Limited data sets a hurdle as China plays catch-up to ChatGPT

Lack of high-quality Chinese texts on Internet a barrier to training AI models.



Ryan McMorrow, Nian Liu, Eleanor Olcott, and Madhumita Murgia, FT, Ars Technica (2/21/23)

Baidu struggled with its previous attempt at a chatbot, known as Plato, which analysts said could not even answer a simple question such as: “When is Alibaba co-founder Jack Ma’s birthday?”

Analysts point to the lack of high-quality Chinese-language text on the Internet and in other data sets as a barrier for training AI software.

GPT, the program underlying ChatGPT, sucked in hundreds of thousands of English academic papers, news articles, books, and social media posts to learn the patterns that form language. Meanwhile, Baidu’s Ernie has been trained primarily on Chinese-language data as well as English-language data from Wikipedia and Reddit.

China's ChatGPT Fever

Irene Zhang, ChinaTalk (2/21/23)

This piece by Xiao Fang 肖芳, a reporter for business news outlet Jiemian, made waves over the past week. It identifies two major challenges impeding Chinese AI development: paltry training materials and toxic competition in the technology industry.

Baidu’s Plato seems possessed by a low-class internet troll; there is truth to the popular online joke that it was trained on the Weibo comment section. Thanks to the burdened development of China's Internet content industry over the past decade, the quality of Chinese Internet content has deteriorated consistently. […] Moreover, each content platform has turned into a data silo in order to maximize user traffic, time, and business value. Even the contents of various contracts and documents have to be paywalled; how can you expect the Chinese version of ChatGPT to help you write emails? [Jordan [Schneider]: so much for China’s ‘data advantage’…] Last year, I heard a professor from Peking University share a set of data at a media event, confirming the current situation of Chinese Internet content quality: As of 2021, although the numbers of Simplified Chinese Internet users and English Internet users are comparable, English content accounts for 60.4% of the top 10 million websites in global rankings, while Chinese content accounts for only 1.4%. The poor quality of Chinese Internet content is the result of Chinese Internet companies, represented by Baidu and ByteDance, who rush to make quick profits. Instead of patiently transporting more books and literature into the Internet, these platforms judge the quality of content based on whether it kills time and drives revenue. After several years of precipitation, it is now difficult to search for high-quality information on the internet in Simplified Chinese, and it should not surprise us that these chatbots confuse themselves as soon as they are asked meaningful questions. [Jordan: I wonder to what extent the overall quality of discussion and thinking in a language will reflect how good its LLMs are. My hunch is that this is not how it will end up working out…]
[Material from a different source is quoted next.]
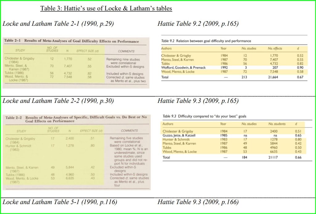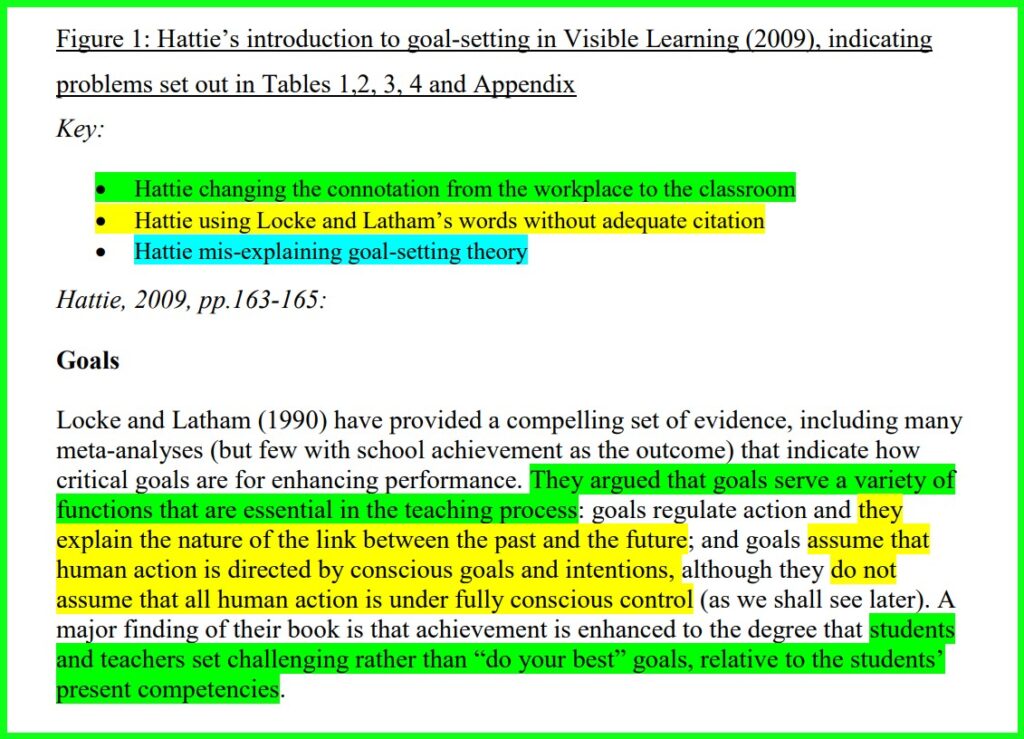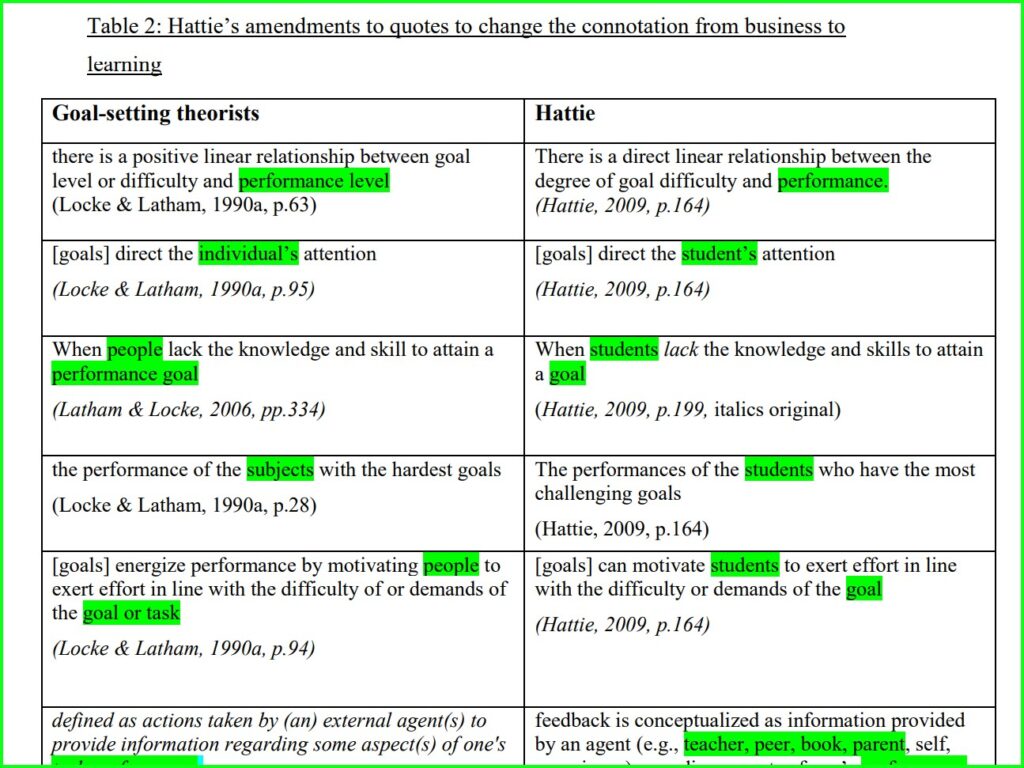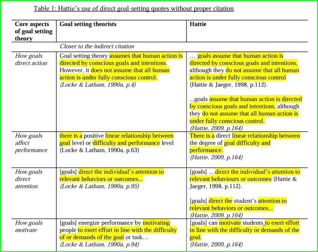 ヴェインカーはその論文で、ハッティが目標設定理論家から文章をそのまま引用し、職場の用語を教育用語に置き換えたと主張した。

Knowledge / data bases for training ChatGPT rivals are severely limited in China for the simple fact that most of the contents of the WWW are banned behind the Great Firewall. So long as the PRC is governed by the CCP, that is unlikely to change. Another liability for the development of ChatGPT rivals is that Chinese firms are dependent on the US for high speed processors. That too will not change in the foreseeable future. As to whether the linguistic foundations of data processing affect the volume of throughput one way or another, that remains to be demonstrated.